Нед был амбициозен. Он строил собственную империю, имел свои планы. А у нее были своя гордость и свои обязательства. Малейший намек на скандал — и она потеряет место у леди Ламертон, а с ним последнюю надежду найти Кита. Отец верил ей. И если вспомнить, что происходило между ней и Недом в Уайтчепеле… Эмме вспомнилась старая пословица: «Попался на обман впервые — позор лжецу, попался на обман вторично — позор глупцу».

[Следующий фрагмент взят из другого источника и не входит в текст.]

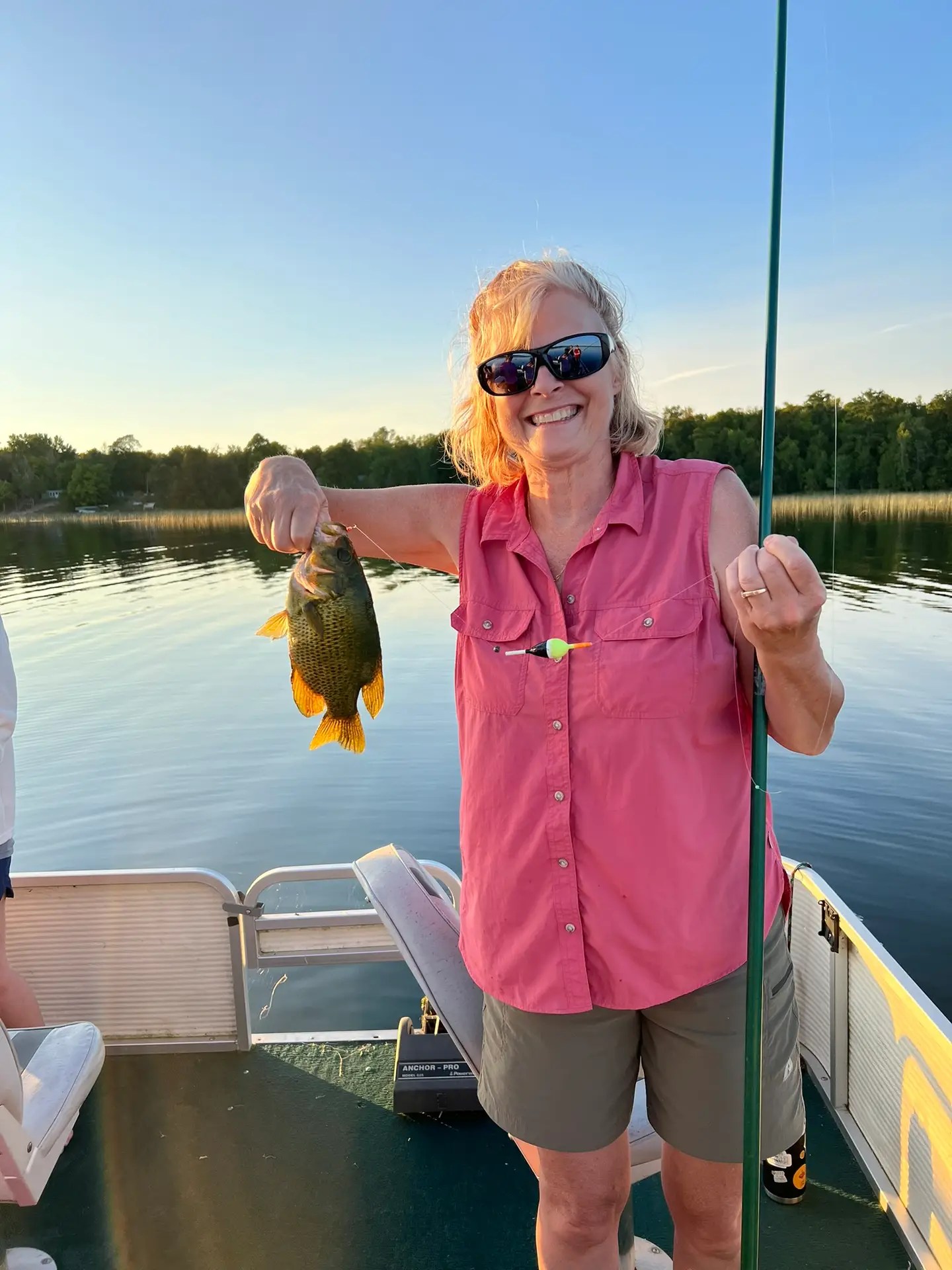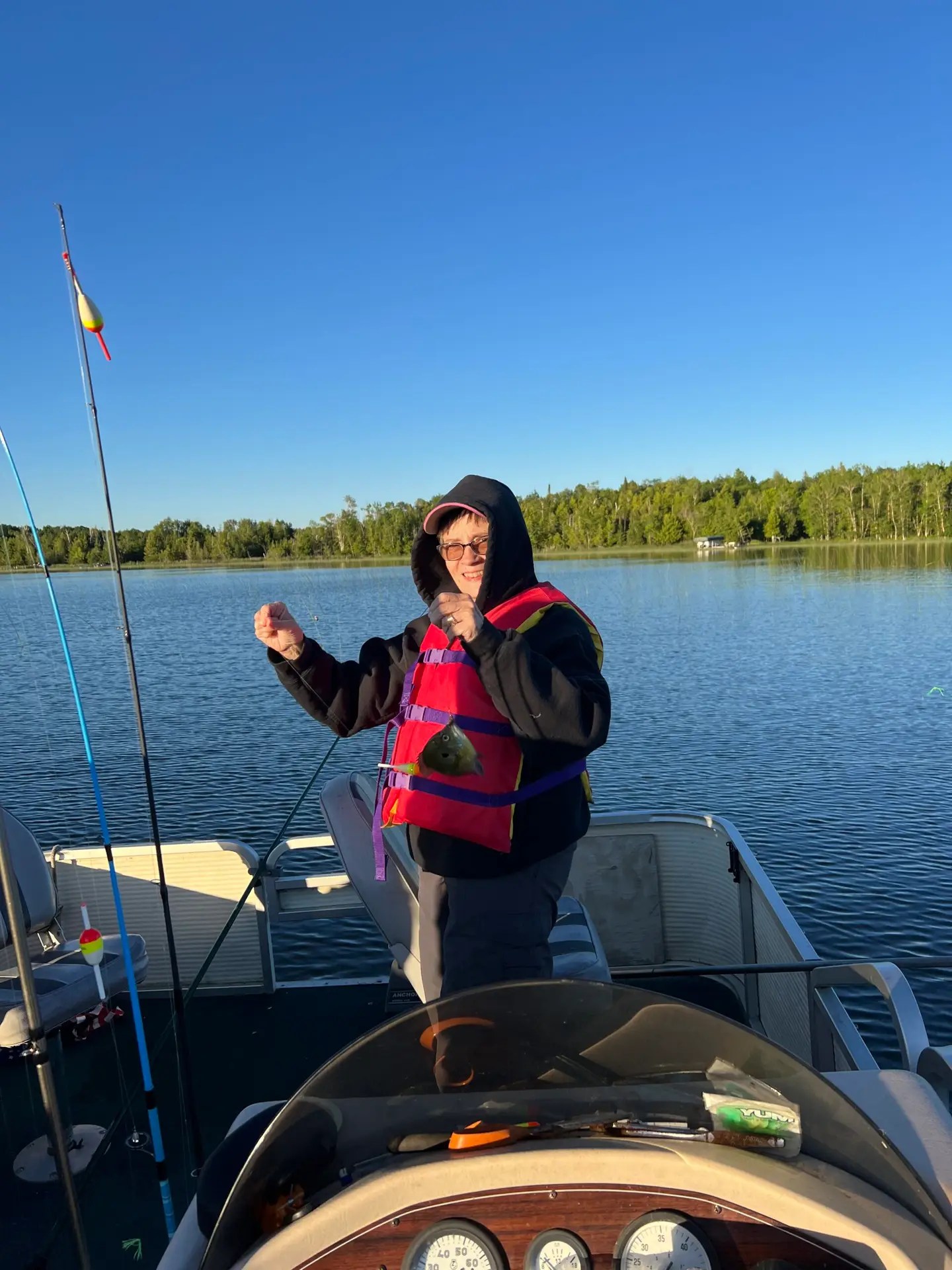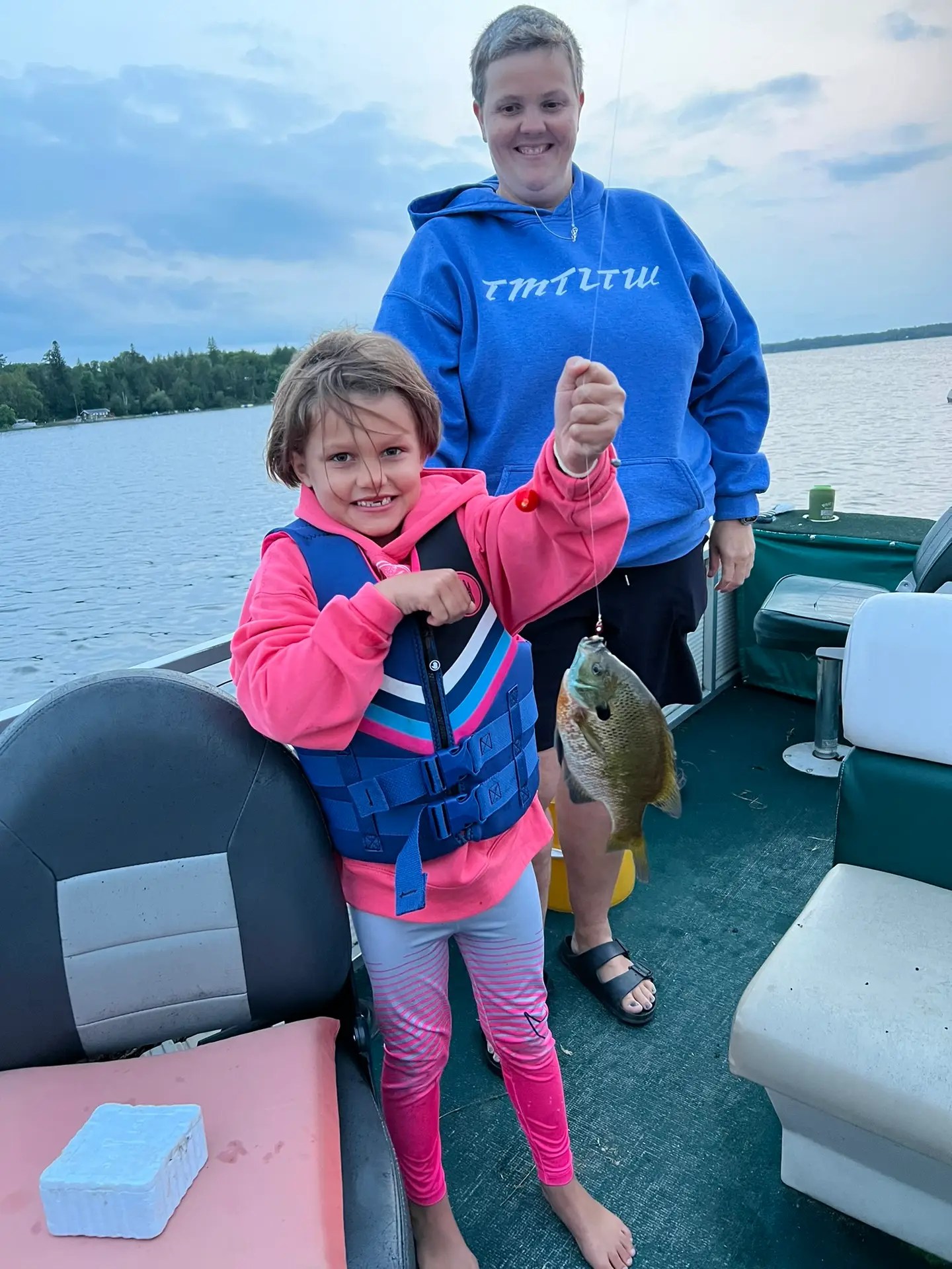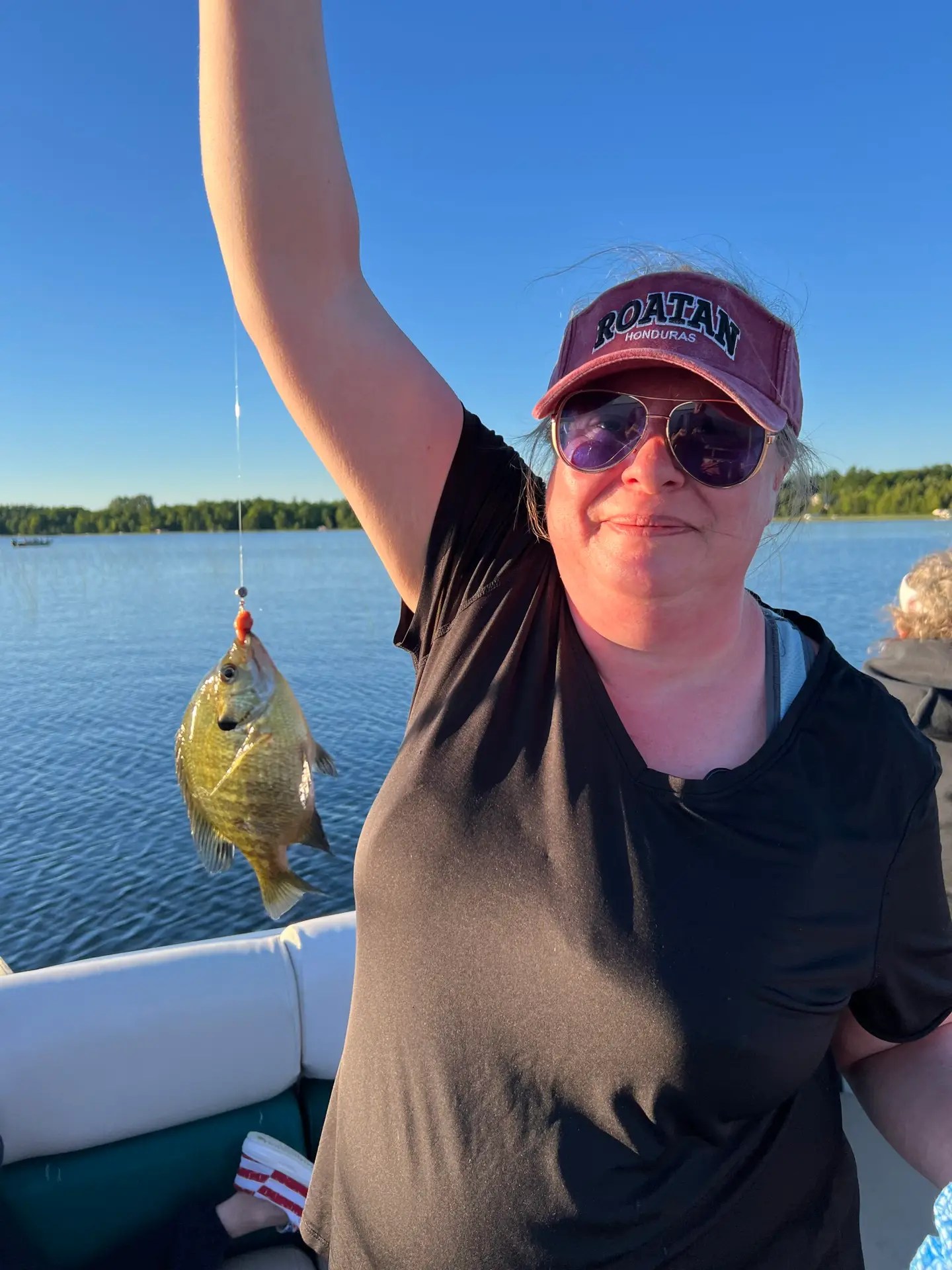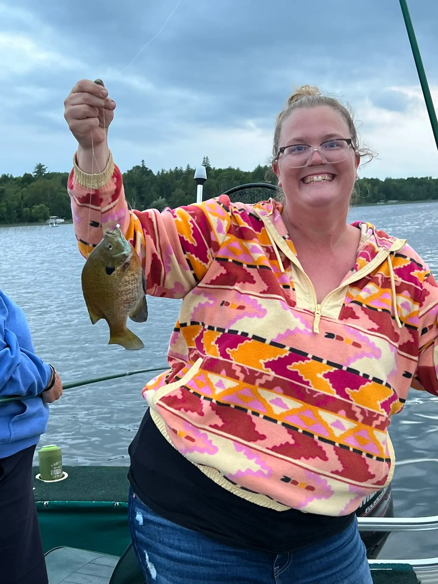 Mandy takes the ladies at the resort out on the pontoon and teaches them how to use cane poles to catch those really BIG bluegills and sunfish. There have been times that a walleye or northern have been caught also. And for those that don’t touch fish or bait; no worries, as Mandy baits the hooks and takes the fish off.

Она любила его, но она была совсем не глупа.

А значит, надо пожелать ему удачи в поисках невесты и забыть о нем.


Нед сидел один на деревянной скамейке в Грин-парке. Перед ним простирался вид, так не похожий на тот, которым он любовался, сидя на другой, каменной скамейке, всего в нескольких милях отсюда, в Уайтчепеле. Ему нужно было выбраться из четырех стен дома на Кавендиш-сквер, нужно было побыть одному, чтобы подумать. Но на сегодня он запланировал столько дел и столько встреч, что времени на то, чтобы пойти в Уайтчепел, не оставалось. Хотя, сказать по правде, он не пошел туда не только поэтому. С тех пор как Эмма переселилась в Мейфэр, Нед ни разу не возвращался в Уайтчепел.

Небо накрывали свинцовые тучи, воздух казался противоестественно неподвижным. Вся атмосфера буквально излучала напряжение, от которого людям становилось не по себе, и они начинали испытывать беспричинную тревогу. Похоже, надвигалась сильная гроза. Все, кто мог, не выходили из дому, а остальные спешили по улицам, чтобы поскорее туда добраться. Холмистые лужайки и дорожки парка обезлюдели, и Нед остался один, если не считать одной или двух случайных фигур вдалеке, торопившихся убежать прочь от неприятного ощущения приближающейся бури.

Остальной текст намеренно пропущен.